Re: deep copy

Guido van Rossum (Guido.van.Rossum@cwi.nl)
Mon, 29 Jun 1992 11:46:39 +0200

>I was working on an application which requires assigning (i.e.
>deep copying) a two dimensional array (i.e. a list of lists). As
>an aside, it also requires adding a one dimensional array
>elementwise to a one dimensional slice of a two dimensional
>array.
>
>In general, my mindset is APL-ish here and I would like to assign
>(i.e. deep copy) multi-dimensional arrays. (Actually I would like
>to do other APL style operations as well including elementwise
>operations such as addition and subtraction on pairs of
>multidimensional, or at least one and two dimensional arrays.)
>
>At least some of these items (such as assigning multidimensional
>arrays in a deep copy sense) seem as fundamental to me as strings
>and dictionaries.
>
>I assume that the applications you refer to above were primarily
>systems software oriented whereas I am referring more to
>mathematical, statistical and data processing sorts of
>applications.

Yes, I'm afraid that's the general mindset from which Python
originated. If you really need a lot of 2-or-more dimensional array
operations you may be better off adding a new type to the language.
The type could use the interface style used by dictionaries (the
general term being "mappings") and it could define additional methods
for slice operations. Buzz, buzz, whirr, whirr (thinking aloud :-)
you might use it as follows:

>>> import matrix
>>> m = matrix.new(10, 10, 0.0) # Create a 10x10 matrix initialized with zeros
>>> print m.dim()
(10, 10)
>>> print m.keys()
[(0, 0), (0, 1), ..., (0, 9), (1, 0), (1, 1), ..., (9, 9)]
>>> for i in range(m.dim()[0]): m[i, i] = 1.0
>>> for row, col in m.keys(): print row, col, m[row, col]
0 0 1.0
0 1 0.0
.
.
.
9 9 1.0
>>> m2 = m # Usual pointer copy -- m2 is the same object as m
>>> m3 = m.copy() # creates a new object -- elements are still shared
>>> m4 = m.slice((0, 10), (5, 10)) # creates a new object
# containing rows [0..10), cols [5, 10)
>>> print m4.dim()
(10, 5)
>>> print m4.keys()
[(0, 0), (0, 1), ..., (0, 4), (1, 0), (1, 1), ..., (9, 4)]
>>> # Note how the indexes always start at 0 (point of discussion though)
>>> m.setslice((0, 10), (0, 5), m4) # Copy right half (m4) to left half

Vector extracted from a matrix are lists:

>>> v1 = m.row(0)
>>> print v1
[1.0, 0.0, 0.0, 0.0, 0.0, 0.0, 0.0, 0.0, 0.0, 0.0]
>>> v2 = m.col(1)
>>> v3 = m.vec(0, 2) # same as m.row(2)
>>> v4 = m.vec(1, 3) # same as m.col(3)
>>> m.setrow(4, v3)
>>> m.setcol(5, v4)
>>> m.setvec(0, 6, v1)
>>> m.setvec(1, 7, v2)

Dot and other products are simply added.

I'm not sure what needs to be generalized to make this work for higher
dimensional arrays. Sparse arrays are another matter. One
interface would make references to non-existing elements illegal, and
require the user to use keys() or has_key() to figure out whether an
element exists; another interface would keep the sparseness internal
to the implementation and return a default value.

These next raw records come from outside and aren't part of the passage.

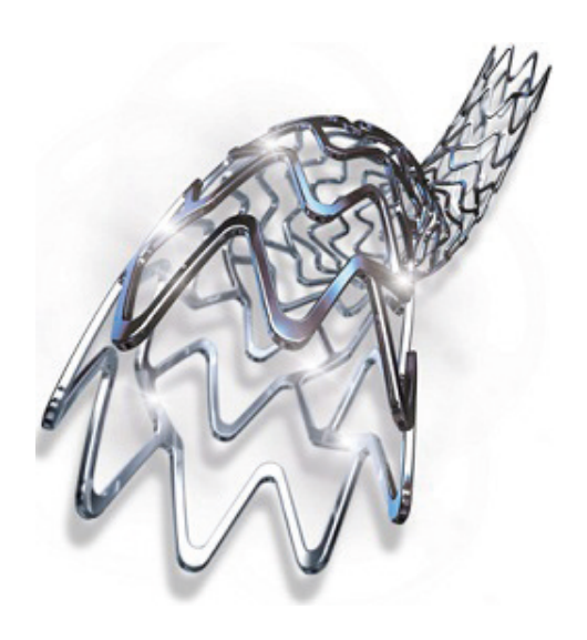
Figure 3-3: Platinum-chromium drug eluting stent

Platinum's mechanical strength. biocompatibility, electrical conductivity, and radio-opacity make it suitable for use inside the human body in devices such as pacemakers, defibrillators, and catheters for the treatment of heart disease; neuromodulation devices to treat Parkinson's disease and hearing loss; and in coils and catheters for the treatment of brain aneurysms. Specific compounds of platinum (the "platins") are effective in the treatment of a range of cancers. PGMs are also widely used as catalysts for the manufacture of pharmaceutical ingredients.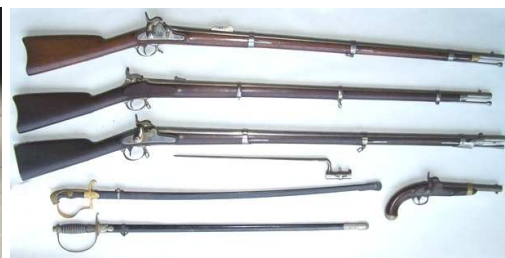
CIVIL WAR GUNS & NAZI SWORDS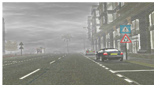
Fig4: Output haze free image using WCID algorithm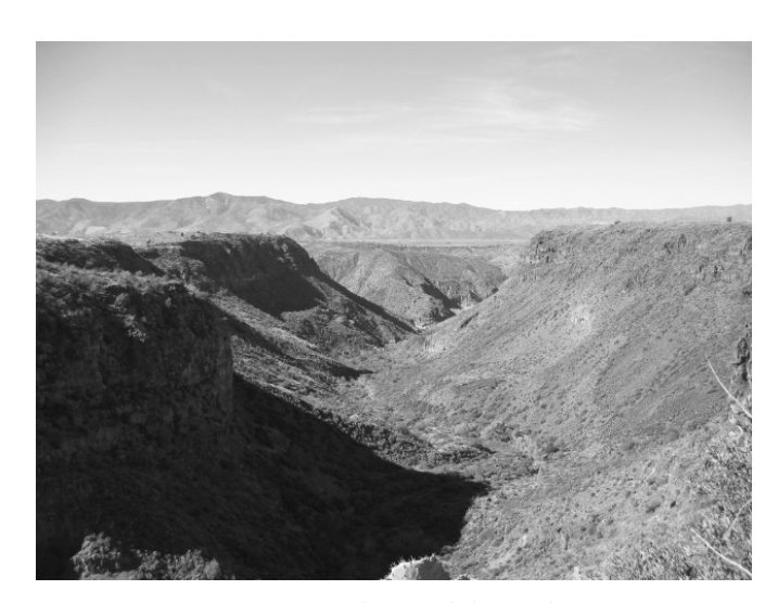
PERRY TANK CANYON

April 7, 8 am-4 pm, Wednesday April 10 & 11, 8 am-4 pm, Saturday and Sunday April 21, 8 am-4 pm, Wednesday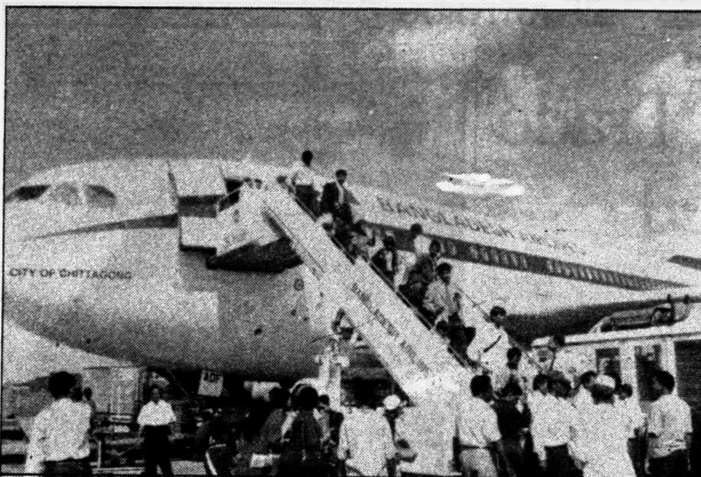
Passengers of the first London-Sylhet direct Biman flight disembark as the inaugural flight lands at Osmani International Airport in Sylhet on Thursday. The national carrier will operate the flight twice a week with wide-bodied aircraft.

Police and hospital sources said the fighting was a sequel to quarrel over the lease of Karimganj hat. Supporters of Bepari and Sardar groups fought the battle that lasted about an hour. During the clash both sides used fire weapons. About 50 gunshots were fired injuring at least 20 people. Both the groups filed case against each other.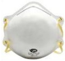
EP004 FFP1 SABS APPROVED DUSTMASK 20 PER BOX

Note that there is no reason why elements of matrixes should be
numbers, except when they are used by numerical operations.

The language currently makes it hard to support element-wise addition
etc. using the standard notation (m1+m2 etc.) but it might evolve --
although + is already defined for lists to mean concatenation.

Other ideas?

--Guido van Rossum, CWI, Amsterdam <guido@cwi.nl>
"It's not much of a cheese shop really, is it?"